Elif teyze, Kerem'n duymaması için hızlıca Melek’e televizyonun sesini kısmasını söylerken ben şehit düşen iki askerin kim olabileceğini düşünüyordum. Daha geçen aylarda gördüğüm Erdem olabilir mi? Ramazan?

“Kapat Elbruz geliyor kapat.” Elif teyze televizyonu kapattırırken Kerem gülümseyen yüzüyle “Günaydın.” diyerek masaya oturdu. Hepsi belli etmemeye çalışıyordu ama gördükleri haberin etkisinden çıkamamışlardı. Masada sessizlik hakimdi. Bende sessizce Kerem’e çay doldurdum ve yanındaki sandalyeyi çekip oturdum. Kerem ekmeğiyle reçele uzanmaya çalışırken dikkatle annesine baktı.

“Anne? İyi misin sen?” Elif teyze irkilip Kerem’e dönerken dolan gözlerini gizlemeye çalıştı. İyiyim derken sesi titremişti. Sesi titrediği anda Ahmet amca hızlıca konuşmaya dahil oldu. “Annen işte televizyonda ne görse ağlıyor.” Amacı ortalığı sakinleştirmek olsa da pek başarılı olamadı. Kerem’in daha da işkillendiğini görebiliyordum.

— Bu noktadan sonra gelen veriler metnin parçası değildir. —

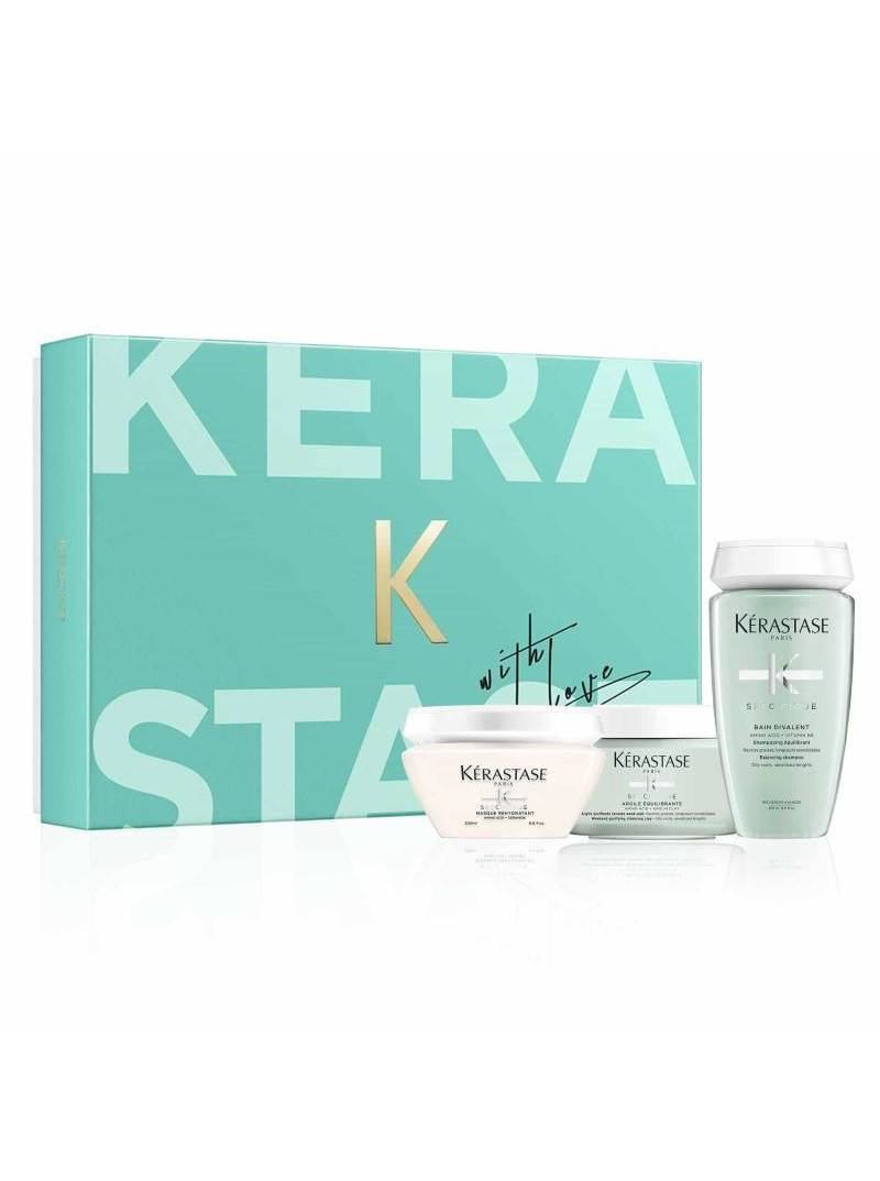 Cofre de edición limitada con champú Bain Divalent, arcilla árgile équilibrante y mascarilla masque rehydratant, para cuidar las raíces grasas y los largos sensibilizados.

Mert çaktırmadan kumandayı saklamaya çalıştı ama Kerem üstün askeri yetenekleri ile Mert’in bu saklama çabasını da anında fark etti.

“Noluyor?” Yanıt arar gibi bakışlarımız kesiştiğinde istediği yanıtı benden de alamamıştı. Sessizce başımı masanın altında sabitlediğim ellerime indirdim.

“Yok bir şey. Hadi ye de halana gidip yumurta alalım taze taze.” Ahmet amca ayağa kalktığında Kerem hariç hepimiz ayağa kalktık. Kerem hızlıca kumandaya uzandığında Mert ondan önce alıp kumandayı arkasına sakladı. “Mert kumandayı ver oğlum.”

“Veremem abi.”

“Bak beni sabah sabah delirtme. Ver kumandayı.” Mert çaresizce babasına baktığında Ahmet amca başıyla onaylamaktan başka çare bulamamıştı. Kerem kumandayı alıp televizyonu açtı. Haberler bitmişti belki ama altyazılarda saldırı haberi geçiyordu. Haberi okuduğu gibi sandalyesine geri oturdu. Masanın altından elini sıkıca tuttum. Altyazı da şehitlerimizin adı da geçiriliyordu. Erdem’in adını gördüğümde yutkundum.

“Baba bugün ayın kaçı?”

“On sekizi...” Erdem bugün baba olmuştu. İki ay önce bana baba olacağını heyecanla anlatan askerimiz bugün hem şehit hem baba olmuştu. Kerem ağlamamak için kendini sıkıyordu. Akan gözlerimi silip önümdeki tabağa bakmaya devam ettim. “Ramazan bugün tezkeresini alıyordu.”

“Erdem bugün baba oldu.” Aynı anda kurduğumuz cümleler ile birbirimize baktık. Daha geçen gördüğümüz askerlerin bugün şehit olduklarını bilmek canımızı yakıyordu. Elif teyze kurduğumuz cümlelerin ağırlığı altında gözlerini kapattı.

“Olmuş işte oğlum. Kocaman ülkede bir sen mi kaldın oğlum? Emekli olmuşsun gibi düşün.” Düşünmezdi. Eğer Kerem’i şu kadar tanıdıysam birazdan bana hazırlan gidiyoruz diyecekti. Elimi sıkı sıkıya tutuyordu. “Tch... Ben emekli olmadım, tayin olmadım. Benim bedenim buradaysa zihnim onlarla anne. Timim orada, görev başında." Kerem bir süre sessizce durup diğer elini sıkıca yumruk yapmıştı. "Defne.” Bakışları beni bulduğunda ayağa kalkıp ellerimizi ortaya çıkardı. Elini bırakacakken bırakmama izin vermeyip sıkıca tutmaya devam etti. “Gidiyoruz.”

Başımla onaylayıp ayağa kalktım. Elimi bırakmadan evden çıktığımızda beraber Kerem’in evine girip valizimi toparladım. Defin’e geleceğimize dair bir mesaj atıp çantamı sırtıma aldım.

“Mert! Bizi havaalanına götür aslanım.”

“Abi...”

“Hadi Mert.” Kerem ailesiyle vedalaşırken bende onun ardından ailesine sarıldım. Elif teyze kulağıma ona dikkat etmemi söyledi. Onu onaylayıp içinin rahat olmasını söyledim. Arabada arkaya geçtiğimde Defin’i arayıp bizi karşılayıp karşılayamayacağını sordum.

“Senin araçla geliyorum. Merak etme. Ne zaman inersiniz?”

“Şimdi havaalanına geçeceğiz. Ben seni aramadan bilet aldım. Dokuzda bineceğiz işte sekiz buçuk saat sürecek.”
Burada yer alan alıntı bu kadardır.